My goal is loading full filesystem hierarchy(root) into memory(mdX device in FreeBSD) and remove any dependency of disk stroage. I can replace any storage device even system disk if that works. I used Linux with that setting before - it can be used with traditional /dev/ramX device, tmpfs, zram(compressed block device like `mdconfig -o compress`).

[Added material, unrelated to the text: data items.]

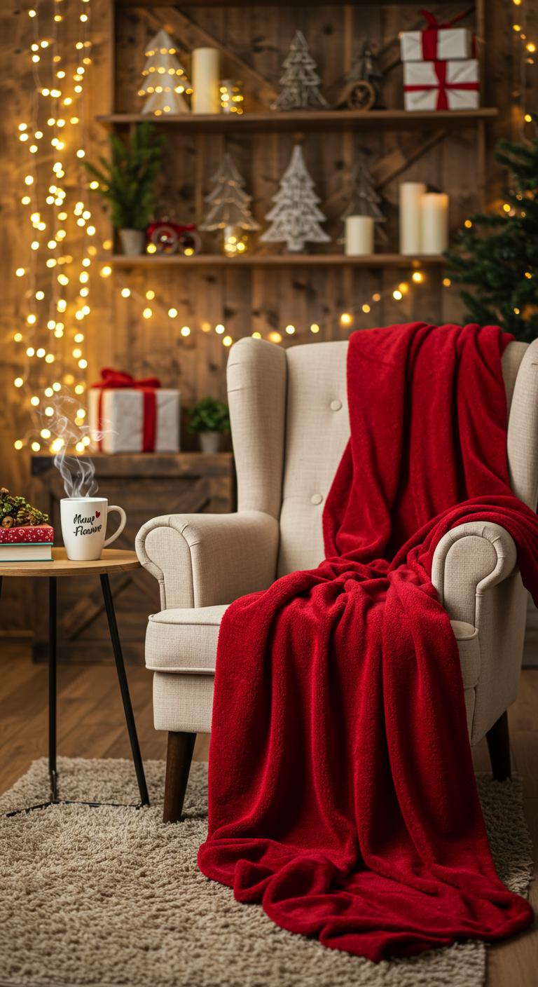 Add warmth to any corner with a cozy red throw blanket. This simple touch transforms your space into a snug winter retreat. Drape it over your couch or chair for that festive flair. Look for options in soft materials like fleece or velvet for an extra touch of luxury. You can even DIY your own! Find a discount fabric store, and select a nice red fabric. Simply cut it to the desired size; no sewing needed! Place the throw next to a chair or on your bed for a chic holiday accent.
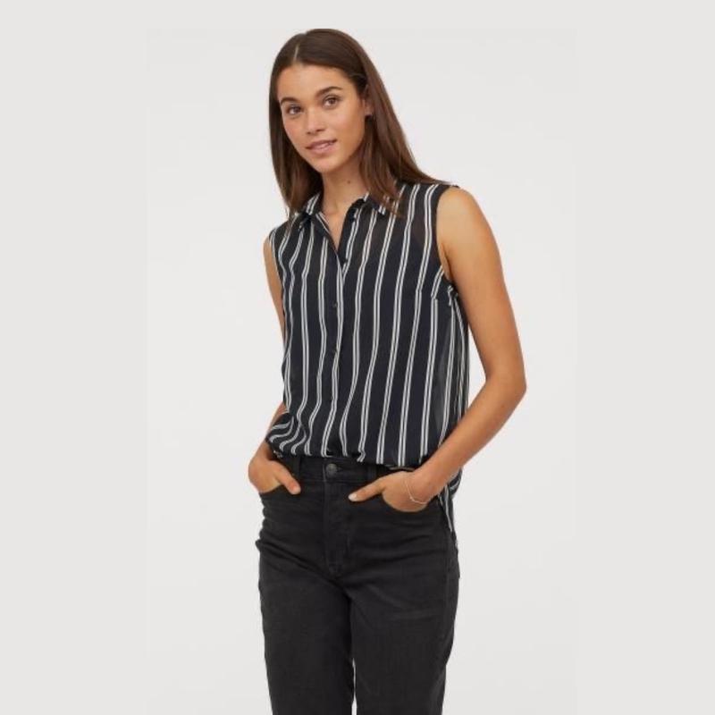 Блузка без рукавов из воздушного шифона. Воротник и застежка спереди. Кокетка со встречной складкой сзади. Скругленный нижний край, спинка немного удлинена.размеры 34,36 Шифоновая рубашка в полоску, стильная базовая весь в гардеробе замеры 34 в см полуобхват; плечи- 33,пог- 46,пот- 48,поб-50, длина- 69/72спинка,пройма-21,5см замеры 36 в см полуобхват; плечи- 37,пог- 48,пот- 52,поб-53, длина- 72/74спинка,пройма- 22см СоставПолиэстер 100%
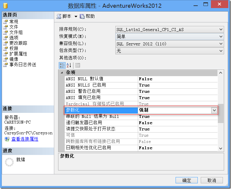 使得僅僅是某些參數(shù)不同,而查詢本身相同的語句可以復(fù)用,就是參數(shù)化的意義所在。比如說圖3中的語句,如果我們啟用了數(shù)據(jù)庫的強(qiáng)制參數(shù)化,或是使用存儲(chǔ)過程等。SQL Server會(huì)將這些語句強(qiáng)制參數(shù)話,比如說我們根據(jù)圖5修改了數(shù)據(jù)庫層級(jí)的選項(xiàng)。
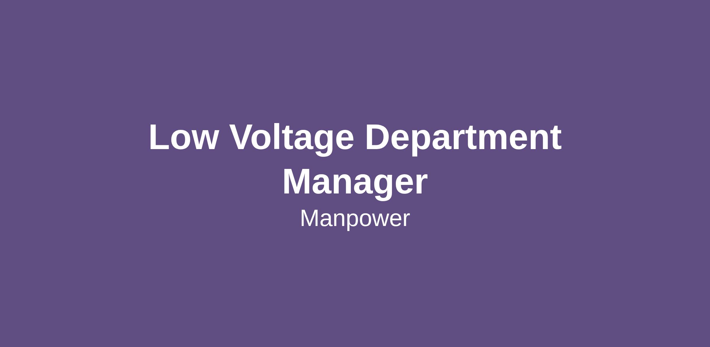 Low Voltage Technician Manager
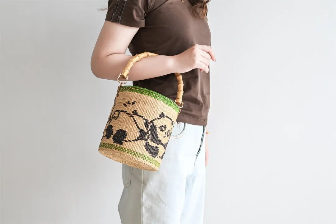 桶包系列多以素色为主,其中一款周身编有熊猫图样的桶包尤为亮眼,它以竹节作为包的手柄,形象且生动。桶包容量不容小觑,还能自由切换手提、斜背、肩背等背法。

Yes, I found that init supports init_script and init_chroot a while ago. I thought init process should be rewritten to achieve my goal before I know that. But there's still some issues what I posted question here.


```
# mount
/dev/md0 on / (ufs, local, read-only)
devfs on /dev (devfs, local, multilabel)
zroot in /zroot (zfs, local, nfsv4acls)
devfs on /zroot/dev (devfs, local, multilabel)
```

There's some unneeded entries - /dev/md0 and devfs on /dev. On Linux, /dev can be moved into chroot'd path, and used memory by rootfs(tmpfs-like root filesystem which cpio-style initrd image used by recent Linux kernel loads on) can be reclaimed by deleting all contents of rootfs during early-userspace booting process.
https://www.kernel.org/doc/Documentation/filesystems/ramfs-rootfs-initramfs.txt

But on FreeBSD, that's impossible for me to unmount /dev or unmount /dev/md0. After chroot, that just consumes system resources. Is there any way to deal with?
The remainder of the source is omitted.